In this category, robots are aimed to maintain the position on the white line on a black track or the black line on a white track, by the help of the sensors they contain. The competition has three stages, which get harder in progress. Each robot compete one-by-one; the robot that complete the track including gates, ramps and bridges in the shortest period wins the competition. Further, in case of getting out-of-track or crashing on the gate, the robot gets a penalty in the scoring. The track is 40 cm in width and the lines on it are 2 cm in width.

=== Basketball ===

In this category, robots must sense the hoops and score baskets.

=== Micro sumo ===

This category consists of one-on-one matches on a ring called dojo. The robots are set to get the opponent robot out of the dojo. The robot that stays on the dojo wins one of the three rounds. After group matches, qualification stage proceeds and after that stage, final group qualifies. Succeeding final group matches, the robot that finishes the matches in the leader position wins the competition. A micro sumo robot should fit in a 5 cm × 5 cm box (in length and width). Dojos are round-shaped and 38.5 cm in width.

=== Fire fighting ===

In this category, robots are aimed to extinguish the candles in a maze-like built platform by the help of their sensors. The robots compete one-by-one and the robot that extinguished most candles in a certain time wins the competition.
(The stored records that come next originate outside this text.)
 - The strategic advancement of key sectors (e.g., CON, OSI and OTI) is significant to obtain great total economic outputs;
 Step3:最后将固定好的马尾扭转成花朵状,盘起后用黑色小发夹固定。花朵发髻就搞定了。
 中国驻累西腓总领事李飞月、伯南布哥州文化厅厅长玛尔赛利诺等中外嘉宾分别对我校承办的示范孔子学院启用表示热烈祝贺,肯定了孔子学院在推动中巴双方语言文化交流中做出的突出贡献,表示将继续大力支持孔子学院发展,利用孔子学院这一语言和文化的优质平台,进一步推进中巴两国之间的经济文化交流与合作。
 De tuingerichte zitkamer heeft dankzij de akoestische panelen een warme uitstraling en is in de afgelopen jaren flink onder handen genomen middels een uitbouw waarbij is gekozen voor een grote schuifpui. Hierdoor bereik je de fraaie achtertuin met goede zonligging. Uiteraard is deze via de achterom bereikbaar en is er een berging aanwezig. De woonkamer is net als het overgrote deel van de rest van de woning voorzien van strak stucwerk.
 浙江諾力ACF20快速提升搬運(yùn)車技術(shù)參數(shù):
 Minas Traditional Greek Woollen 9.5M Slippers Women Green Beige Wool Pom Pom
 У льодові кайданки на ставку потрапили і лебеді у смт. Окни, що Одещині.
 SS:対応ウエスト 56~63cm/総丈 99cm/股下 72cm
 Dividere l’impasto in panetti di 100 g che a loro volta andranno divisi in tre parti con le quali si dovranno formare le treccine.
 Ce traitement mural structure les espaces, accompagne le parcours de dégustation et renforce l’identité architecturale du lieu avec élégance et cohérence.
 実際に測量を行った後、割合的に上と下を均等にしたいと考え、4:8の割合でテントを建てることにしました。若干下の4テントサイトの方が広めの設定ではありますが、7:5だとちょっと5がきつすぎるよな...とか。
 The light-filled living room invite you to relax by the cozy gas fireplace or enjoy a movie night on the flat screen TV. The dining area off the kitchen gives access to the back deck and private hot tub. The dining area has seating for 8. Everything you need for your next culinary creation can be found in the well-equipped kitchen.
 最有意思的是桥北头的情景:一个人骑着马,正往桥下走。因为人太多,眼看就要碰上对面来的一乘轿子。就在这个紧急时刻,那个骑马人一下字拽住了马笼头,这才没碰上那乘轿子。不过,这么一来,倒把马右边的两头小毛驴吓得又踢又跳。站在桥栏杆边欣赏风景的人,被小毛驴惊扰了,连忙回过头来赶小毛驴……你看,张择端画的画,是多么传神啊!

It is forbidden to use water, foam etc. to extinguish; robots have to blow air on candles. Also in case of knocking candles down or turning on the extinguishing system on an area without fire, the robot gets a penalty in the scoring. The width of the paths on the maze is 40 cm in width and the height of the walls are 20 cm in width.

=== Stair climbing ===

The robots competing in this category aims to climb a stairway with a continuously increasing height of steps. The robots compete one-by-one and the robot that has most stairs climbed up and down in the shortest time wins the competition. The stairs are 40 cm in width and 10 cm, 15 cm and 20 cm in height respectively.

=== Maze ===

The robots in this category are to finish the maze in two stages: Memorizing and application. The robots try to track the correct path by distinguish the right and wrong paths over the maze and aim to get out of it. Each robot compete one-by-one and the robot that managed to get out of the maze in the shortest period of time wins the competition. Crashing on walls and tracking the wrong path in the application stage occurs a penalty in the scoring. The corridors are 20 cm long and 20 cm wide.

=== Color Selecting ===

In this category robots must carry the cubes to correct colored areas.

=== Self-balancing robot ===

The robots of this category have two wheels in parallel and set to maintain their balance on a flat field. To participate the second stage, the robots have to succeed the first round: The time test. Also, robots get extra points in inclined starting position and external force tests in the first stage if they manage to accomplish those. In the second stage, the robots are expected to have motion on a track including a bridge and this motion shapes the scoring. Each robot compete one-by-one and the robot collected the highest score wins the competition.

=== Scenario: Construction ===

In this category, which launched first at ITURO 2015, robots try to construct the structure that is already given before the competition with the blocks which are supplied them as flawless and fast as they can.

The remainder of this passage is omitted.